Eric Rahne, B.Sc. in Electrical Engineering, Level 3 Accredited Thermography Expert (PIM Ltd.)
In our previous article, we discussed why it is important to consider the geometric resolution of our thermal camera, the pixel resolution of the thermal image, and the thermal resolution of the thermal camera. Now, let's review what makes our survey successful. Based on a thermal image captured under appropriate measurement conditions, it is relatively easy to identify thermal bridges. Where the highest temperature is observed in an outdoor image - usually well defined - a thermal bridge (or crack) is present.
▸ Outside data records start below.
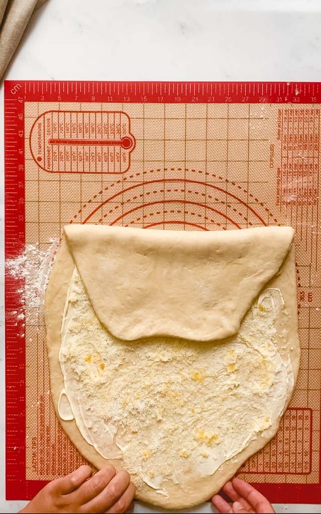 - Now fold the dough, first grab the bottom part of it and take it to the middle of the rectangle, then take the top part and place it above the already folded bottom one.
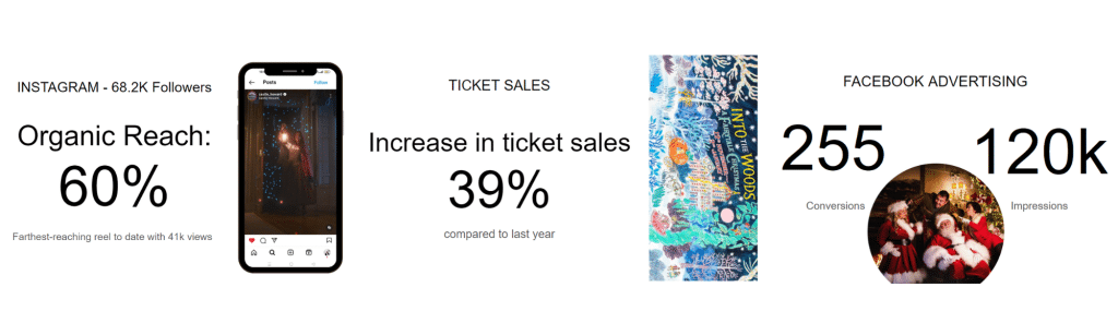 The Christmas at Castle Howard video marketing campaign achieved remarkable success. Ticket sales soared by 39% compared to the previous year. On Instagram, the campaign reached an impressive 60% organic audience, with the top-performing reel garnering 41k views. YouTube saw the campaign’s video becoming the most popular in six months, boasting an 80% average view time. The campaign’s excellence was recognised with the prestigious Museum + Heritage Awards’ “Marketing and Communications Campaign of the Year for Christmas at Castle Howard”
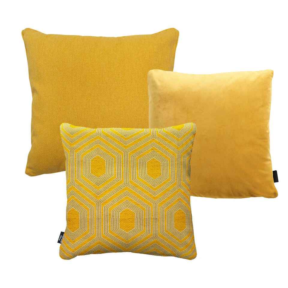 Het sierkussen London geel 45×45 cm is gemaakt van 45 % polyester, 50% katoen en 5% overig materiaal. Sierkussen Boston mostergeel 45×45 cm is gemaakt 43 % polyester, 20% katoen en 37% acryl. Sierkussen Canvas Eco Gold van 50×50 cm is gemaakt van 20 % polyester, 75 % katoen en 5% overig materiaal. De hoezen van de sierkussens zijn voorzien van een rits en is daarmee afneembaar. De kussenhoezen zijn met de hand te wassen in lauw water indien dat nodig is. De sierkussens kunnen gemakkelijk worden opgeborgen met een kussentas. Zo hoef je niet alle kussens één voor één naar binnen te sjouwen. De sierkussens zijn namelijk niet bestemd om buiten te laten liggen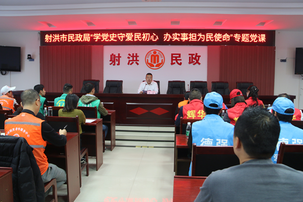 为推进党史学习教育深入开展,扩大党史学习覆盖面,增强学习效果,4月28日,射洪市民政局党组书记为承接2021年射洪市居家养老服务工作的社会组织上了一堂别开生面的党课。党课以“学党史守爱民初心 办实事担为民使命”为主题,岳之恒康养服务有限公司、辉华居家养老服务有限公司、康桥银发老年服务中心等9家居家养老服务社会组织的30余名爱心社工参加学习。

This requires that there is no local internal heat source (such as a heater) at that location, no reflection, or surface material differences (with different emissivity capabilities). (This needs to be verified on-site, or if omitted, based on a photograph.) In indoor images, the coldest spots usually indicate thermal bridges. We can be sure of identifying the thermal bridge when we find the "cold" surface in the interior corresponding to the external temperature rise.
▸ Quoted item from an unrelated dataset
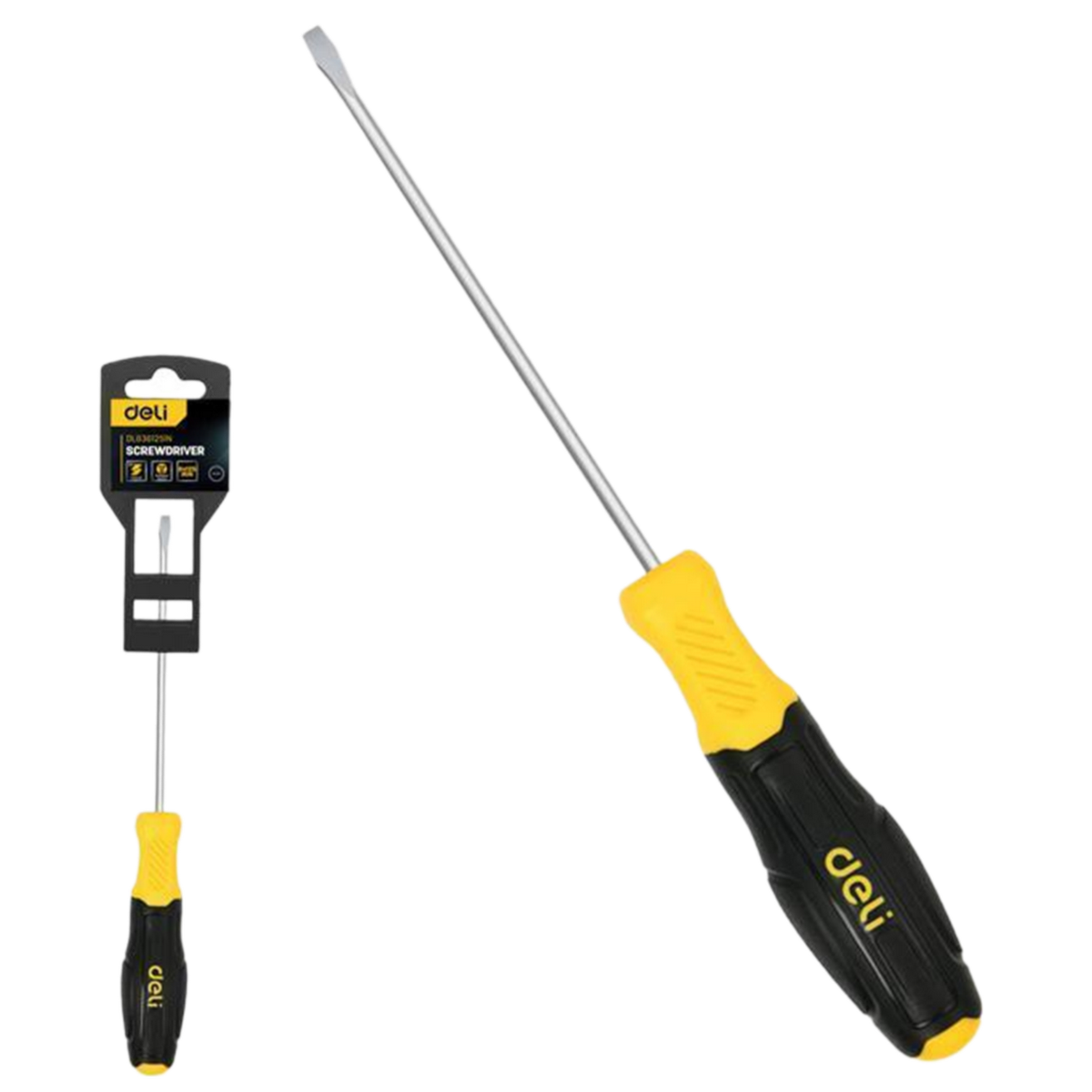 Шлицевая отвертка Deli DL6361251N 6х125мм сталь Cr-V, двухкомпонентная прорезиненная рукоять

It is just as easy to determine (with the same external or internal coating) which building element has better or worse thermal insulation properties. However, there are additional possibilities, so let's see what else can be examined:
To ensure effectiveness, the declared measurement conditions for building thermography need to be further narrowed down for insulation-related measurements. Because accurate (containing evaluable information) results are only obtained if the following limitations are taken seriously:
Summer assessment of residential building insulation, even with the best building climate control, is not feasible. On the one hand, it is inconceivable to maintain indoor temperatures at least 10 K lower than the ambient temperature for a minimum of 5 days (Consider night cooling too!). On the other hand, the thermal equilibriums suitable for the actual heating season do not occur (e.g., different flow conditions due to varying heating/cooling locations). However, the summer season is recommended for inspecting refrigeration rooms, freezer tunnels. (These should not be heated in winter for thermographic inspection.) During winter inspections, to capture better images, heating should not be increased immediately before the inspection. The result will be the opposite, as it will create strong heat effects, but only disturbing transient temperature distributions. Their evaluation is usually not only more difficult compared to measurements made at a constant lower temperature, but often simply impossible. For outdoor insulation inspections, it is very important that the external wall layer heating caused by daytime sunlight does not affect our measurements. It is advisable to start the measurements at least 2–3 hours after sunset in the order of north, east, south, west-facing wall surfaces. This way, it is ensured that the wall surface exposed to sunlight last can cool down for the longest time. Of course, this order is not so important for an early morning measurement due to the overnight cooling. Routinely following this order can facilitate the conduct and documentation of surveys.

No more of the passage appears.